GDP CONTRACTS FOLLOWING FOUR QUARTERS OF POSITIVE GROWTH
While the country remains optimistic about recovering from the Covid-19 induced recession, South Africa’s economy continues to face challenges which have resulted in its contraction in 2021Q3. According to the Medium-Term Budget Policy Statement, National Treasury has since revised the country’s estimated growth of 5,1% for 2021 to 1.7% over the next 2 years. National GDP for 2021Q3 shrunk to -1,5% (unannualised) after four successive quarters of growth. This negative growth can be attributed to a number of factors. This data story discusses factors that contributed to GDP’s negative performance at both the provincial and local level.
DOWNTURN IN KZN GDP GROWTH
KZN GDP is estimated to have declined by 8,0% in quarter 3 of 2021. This comes after a bounce back in GDP growth in the past four quarters. The month of July was a challenging month for the economy; particularly KZN and Gauteng when the social unrest disrupted economic activities, and further dented investor confidence. While Durban’s data is not yet available, the composition of KZN’s GDP (60% of the province’s GDP is generated in Durban) mean that the province’s performance in turn provides insight on Durban’s performance.
SECTOR CONTRIBUTION TO NEGATIVE KZN GDP GROWTH
Seven sectors recorded negative growth during this period. The largest contributor to the negative growth was agriculture, followed by manufacturing, followed by the trade sector. Positive growth was seen in finance (4,8%), community services (2,3%), and general government services sector (1,5%). Therefore, had these three sectors not grown, the province’s economy may have shrunk by an even larger percentage
It comes as no surprise that sectors most hit by the unrest were trade and manufacturing, as retail activities were interrupted and not operational during this period. The transport sector also shrunk (-9,1%) as road freight transport into and out of KwaZulu-Natal were disrupted by the unrest.
As can be seen from the figure below, the manufacturing sector had already declined in quarter 2 of 2021. This decline is as a result of pre-existing socio-economic issues i.e. unstable electricity supply and Covid-19 lockdown restrictions.
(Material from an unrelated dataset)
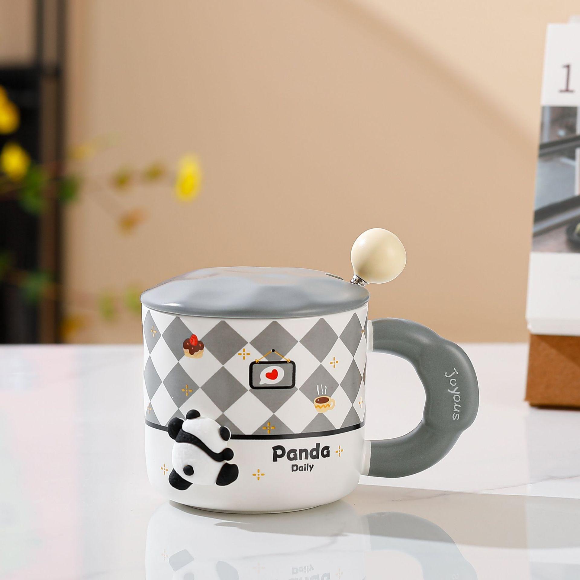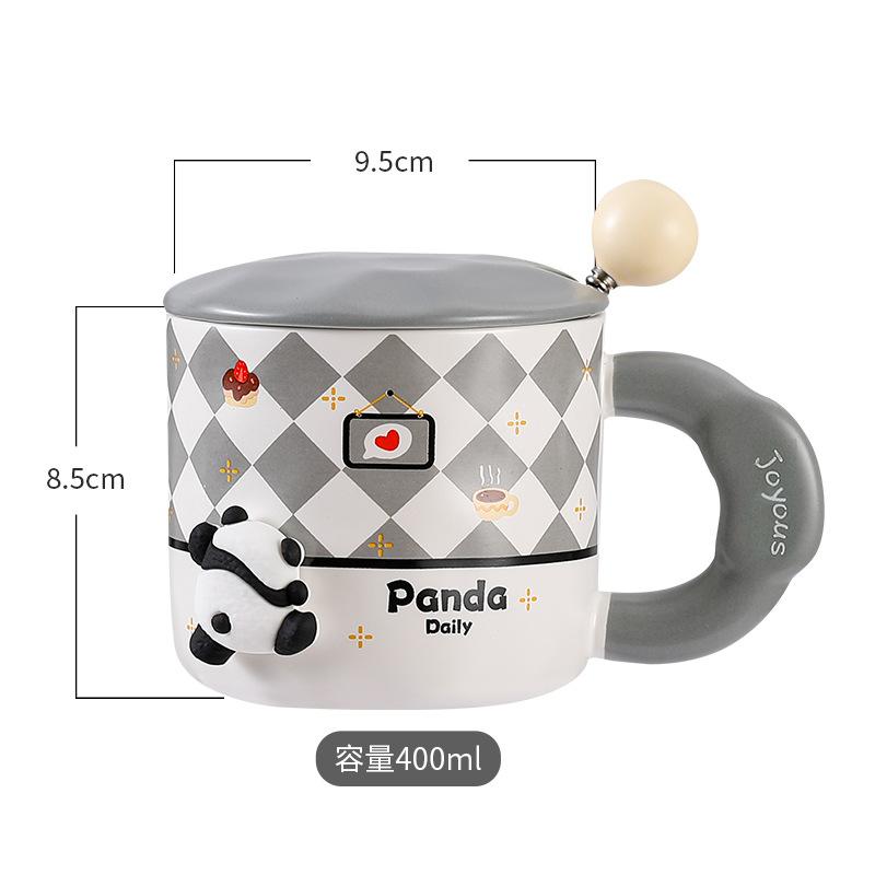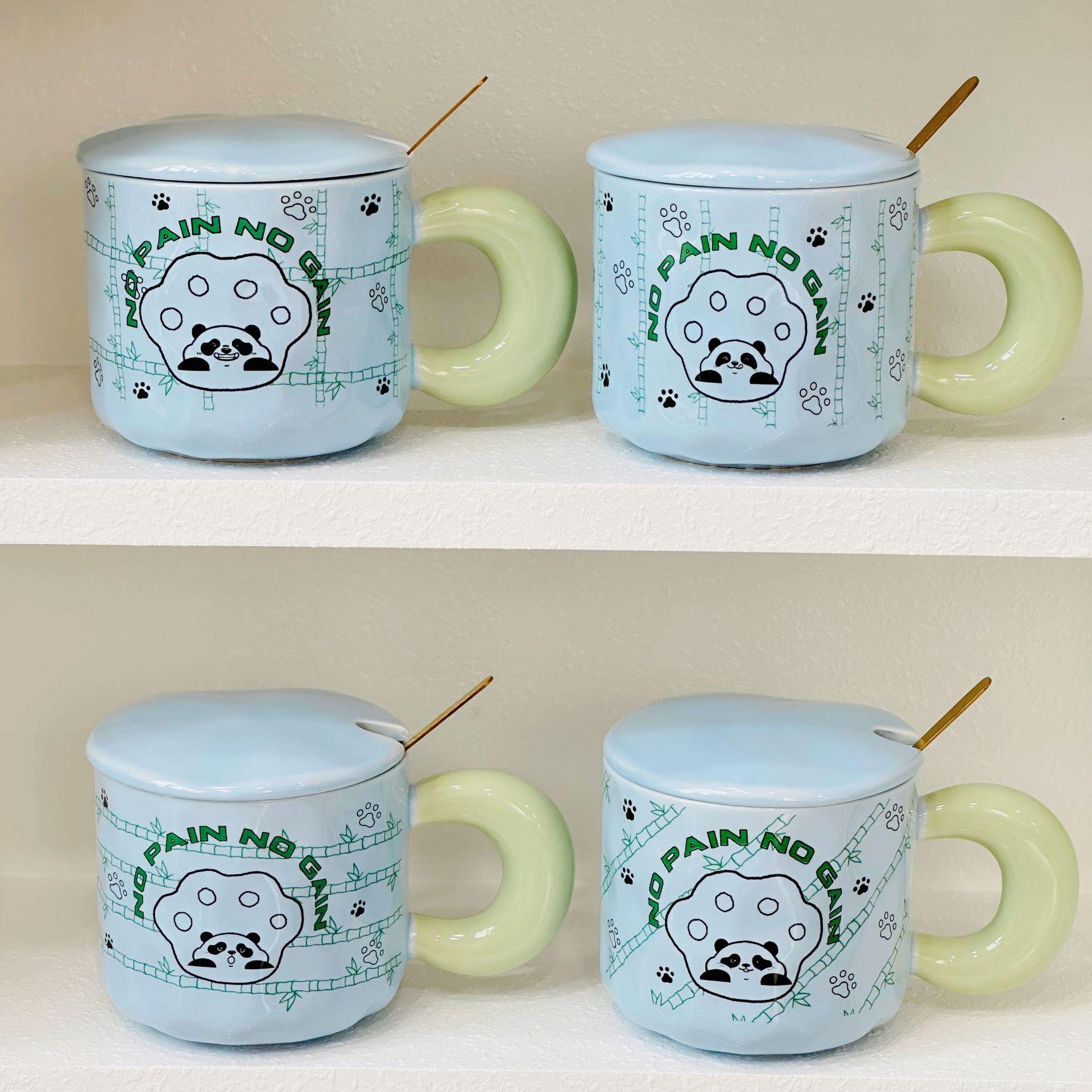 Oblique bamboo panda with lid spoon ceramic cup

While the economy has shown great resilience amid Covid-19 and was on its road to recovery, its performance has again been hampered. The pressure by the social unrest accompanied by pre-existing problems of unreliable electricity supply and Covid-19 lockdown restrictions has left the economy in distress this quarter. Government as well as social partners need to put the necessary measures in place to ensure sustainable economic growth that will overcome pre-existing structural, as well as ad-hoc economic pressures.